At issue is the legal “standing” to challenge a ruling or action. Without it, judges dismiss cases before ever examining the underlying complaints, which in this case concern pollution and traffic generated by cruise ships.
To be granted standing, plaintiffs typically have to demonstrate they have suffered direct harm by the action in question. And so far, claims that exhaust fumes have caused sore throats or aggravated respiratory conditions have been deemed insufficient. But if Charlestonians and their advocates don’t have a say in how in their environment is shaped, who does?
In the cruise ship case, the plaintiffs, including neighborhood, historic preservation and environmental groups, are challenging a 2012 permit the state Department of Health and Environmental Control (DHEC) issued to the State Ports Authority to rehabilitate a wharf for a new terminal adjacent the existing one at the foot of Market Street.

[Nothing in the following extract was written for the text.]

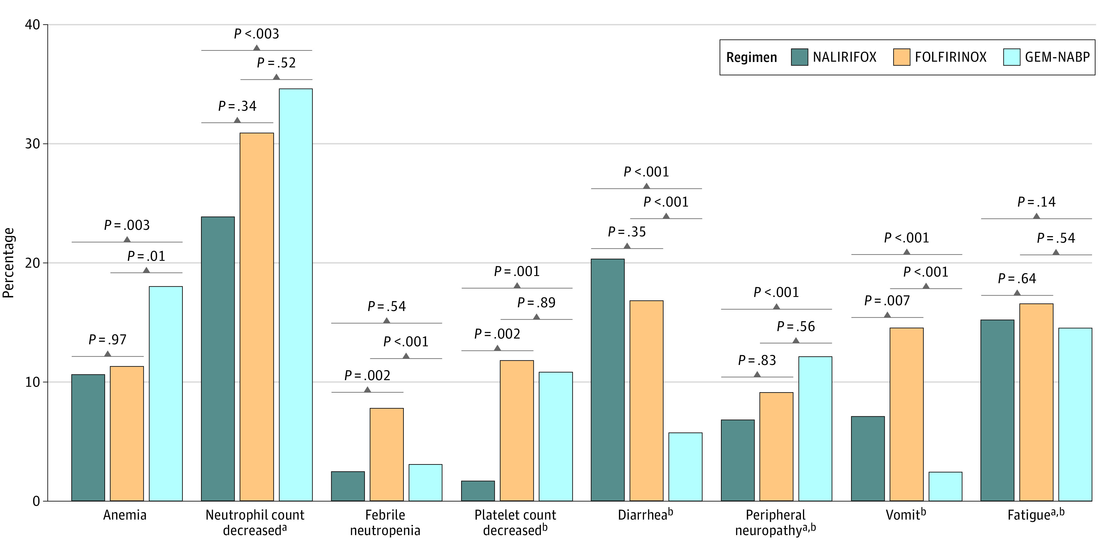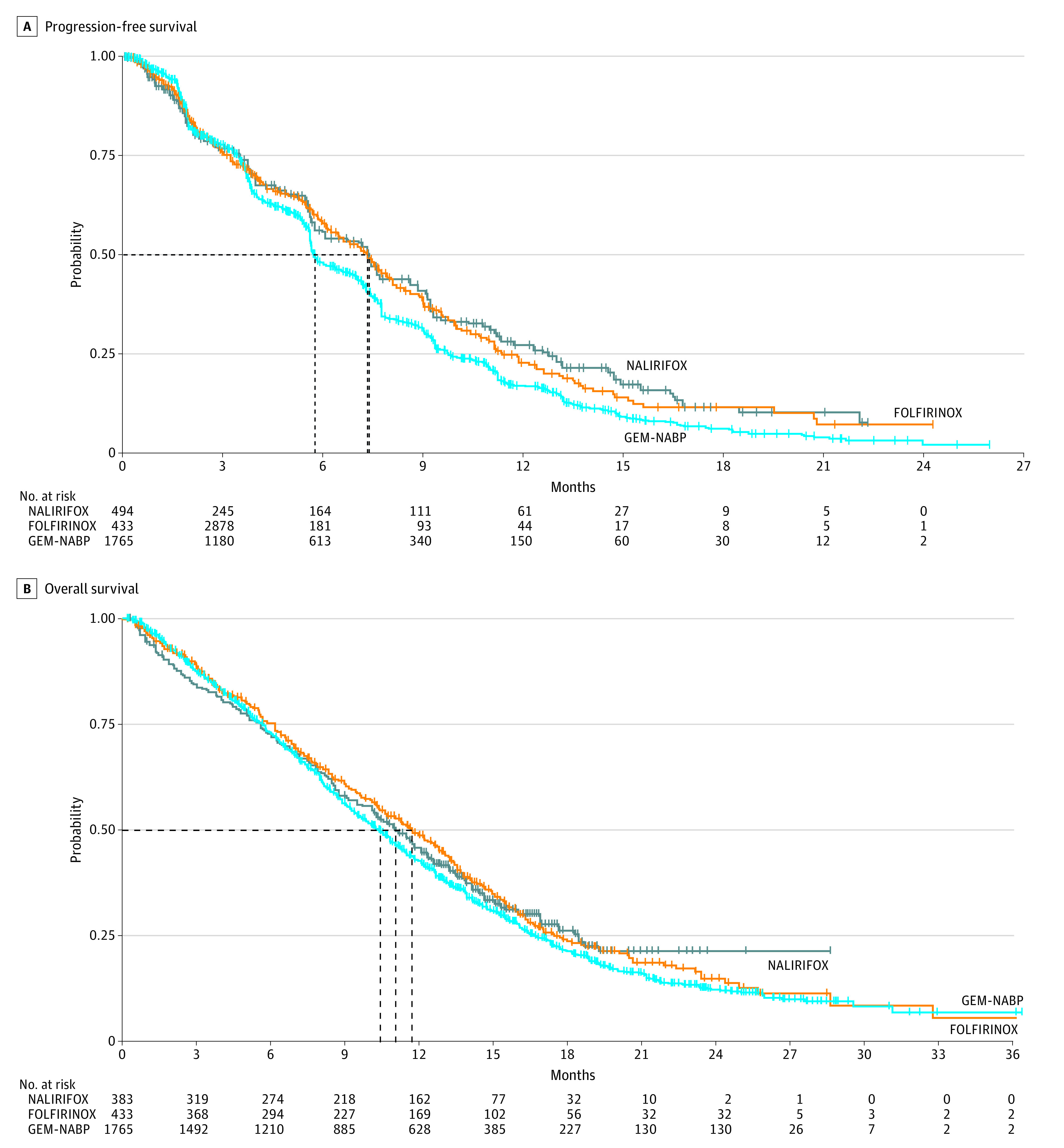 Results: A total of 7 trials with data on 2581 patients were analyzed, including 383 patients treated with NALIRIFOX, 433 patients treated with FOLFIRINOX, and 1756 patients treated with GEM-NABP. Median PFS was longer in patients treated with NALIRIFOX (7.4 [95% CI, 6.1-7.7] months) or FOLFIRINOX (7.3 [95% CI, 6.5-7.9] months; [HR], 1.21 [95% CI, 0.86-1.70]; P = .28) compared with patients treated with GEM-NABP (5.7 [95% CI, 5.6-6.1] months; HR vs NALIRIFOX, 1.45 [95% CI, 1.22-1.73]; P < .001). Similarly, GEM-NABP was associated with poorer OS (10.4 [95% CI, 9.8-10.8]; months) compared with NALIRIFOX (HR, 1.18 [95% CI, 1.00-1.39]; P = .05], while no difference was observed between FOLFIRINOX (11.7 [95% CI, 10.4-13.0] months) and NALIRIFOX (11.1 [95% CI, 10.1-12.3] months; HR, 1.06 [95% CI, 0.81-1.39]; P = .65). There were no statistically significant differences in ORR among NALIRIFOX (41.8%), FOLFIRINOX (31.6%), and GEM-NABP (35.0%). NALIRIFOX was associated with lower incidence of grade 3 or higher hematological toxic effects (eg, platelet count decreased 1.6% vs 11.8% with FOLFIRINOX and 10.8% with GEM-NABP), but higher rates of severe diarrhea compared with GEM-NABP (20.3% vs 15.7%).

In the latest go-around, the State Court of Appeals ruled that the plaintiffs failed to show they would suffer any direct harm and “presented only speculative claims that the proposed passenger terminal would adversely affect their property values and businesses.”
But shouldn’t anyone have a right to ask a court to review a decision that affects them? We think so, and so does attorney Blan Holman, who is representing the plaintiffs.
“We will ask the Supreme Court to restore those rights, which are vital to keeping the government in check and accountable to citizens across South Carolina,” he told The Post and Courier recently.
In 2013 in federal court, where rules about establishing standing differ slightly, a judge rejected an Army Corps of Engineers permit issued for the project, saying the agency focused only on replacing some pilings under the wharf and failed to consider the environmental impact the new terminal would have on the historic neighborhood surrounding it.
So far, it’s unclear when the state Supreme Court will take up the long-running case against DHEC, but it’s worth noting that Carnival Cruise Line plans to replace its Charleston-based ship Ecstasy with the slightly larger Sunshine in May.
For the time being, the State Ports Authority is sticking to its self-imposed cap of 104 port calls per year. But the cruise industry continues to expand, and the agency will no doubt come under increased pressure to lift that cap if the terminal project is allowed to move forward.
Putting arguments for or against cruise ships aside, we hope and trust the state’s highest court will decide that, indeed, citizens do have a right to their day in court when it comes to governmental decisions affecting the environment - truly a shared asset in which we are all stakeholders.